A bus driving under a bride on a desert road.

A research document just released by an international pool-funded study led by the Nevada Department of Transportation provides an “authoritative review” of the most effective measures to reduce animal-vehicle collisions, improve motorist safety, and build safer wildlife crossings.  

[Above image by the Nevada DOT]
With as many as two million collisions with large mammals in the United States leading to approximately 200 human deaths every year, the review compiled, evaluated, and synthesized studies, scientific reports, journal articles, technical papers, and other publications from within the United States and beyond to determine the effectiveness of 30 different mitigation measures.

Ultimately, the report provides best management practices to reduce animal-vehicle collisions, increase habitat connectivity, and implement cost-effective solutions. Key findings include:

  • The most proven effective measures to reduce animal-vehicle collisions by over 85 percent while providing habitat connectivity remain wildlife fences in combination with wildlife overpasses and/or underpasses. Researchers now know that these measures must cover at least several miles to reduce collisions significantly with large mammal species.
  • Traditional warning signs, educational campaigns, reducing posted nighttime speed limits, and other measures are in general less than 50 percent effective. Some mitigation measures are at least 50 percent or greater effective in reducing animal-vehicle collisions, including roadside animal detection systems, nighttime lighting, and reducing the size of the population of wildlife species involved.
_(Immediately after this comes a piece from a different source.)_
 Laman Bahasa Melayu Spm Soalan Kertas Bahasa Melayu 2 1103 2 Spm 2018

However, none of those reduces a road’s “barrier effect” for wildlife; some even increase the barrier effect.  
  • No detailed study examines the ability to reduce animal-vehicle collisions with vehicle-based detection technology in highway situations – especially where connected and autonomous vehicles or CAVs are concerned. While there are likely benefits of this technology for reducing collisions with large mammal species, the sensors typically do not detect smaller species. Furthermore, this technology does not reduce the barrier effect of the road and traffic for wildlife.

Nova Simpson, a biological supervisor and large mammal mitigation specialist with Nevada DOT, helped manage the study.  Simpson believes it will help state and federal transportation, land management, and wildlife agencies optimize efforts to reduce animal-vehicle collisions. 
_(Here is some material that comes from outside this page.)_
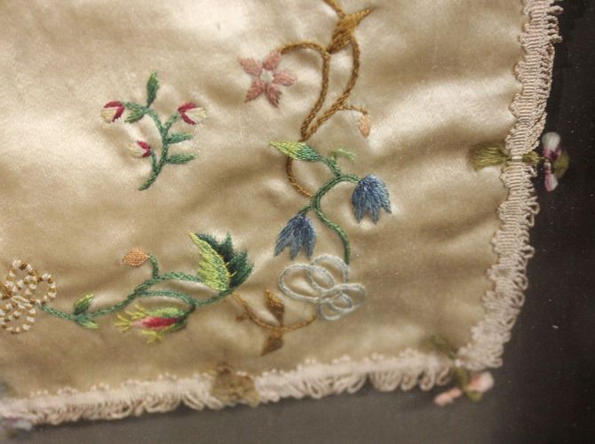 A framed 19th century and later needlework bag, with floral decoration, frame 57cm by 36.5cm, by repute through the Simcox Lea family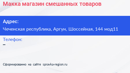 Макка, магазин смешанных товаров по адресу Чеченская республика, Аргун, Шоссейная, 144 мод11 в дальнейшем Организация, размещена в следующих категориях:

“This pooled fund study provides a very unique opportunity to synthesize current knowledge from the U.S., Canada, and internationally,” noted Simpson in a statement. “It will improve the cost-benefit analyses of mitigation measures, field test improved designs and technologies; and coordinate and provide outreach to transportation, land management, and wildlife agencies and their stakeholders. Ultimately, these efforts will help in the reduction of wildlife-vehicle collisions across the United States.”
Nevada DOT has already installed many roadway improvements to reduce potentially dangerous animal-vehicle collisions statewide. For example, in February, the agency installed four-foot high livestock fencing along stretches of U.S. 50 between State Route 341 and Chaves Road in Dayton, NV, to reduce horse-vehicle collisions.

Nevada DOT also worked with the Nevada Department of Wildlife to install nine safety crossings on Interstate 80 between Wendover and Wells and U.S. 93 north of Wells in the northeastern portion of the state four years ago.

That project – which garnered a 2019 Environmental Excellence Award from the Federal Highway Administration – covered wildlife overpasses with native soil and vegetation to replicate the natural environment, with roughly 60 miles of eight-foot-high fencing installed along both sections of the roadways redirecting and encouraging deer, mules, and other animals to use the crossing points.

The agency added that it has also installed 400 miles of tortoise fencing and 19 tortoise underpass/culvert crossings on the U.S. 95 and U.S. 93 in southern Nevada to reduce wildlife-vehicle collisions and tortoise road mortality.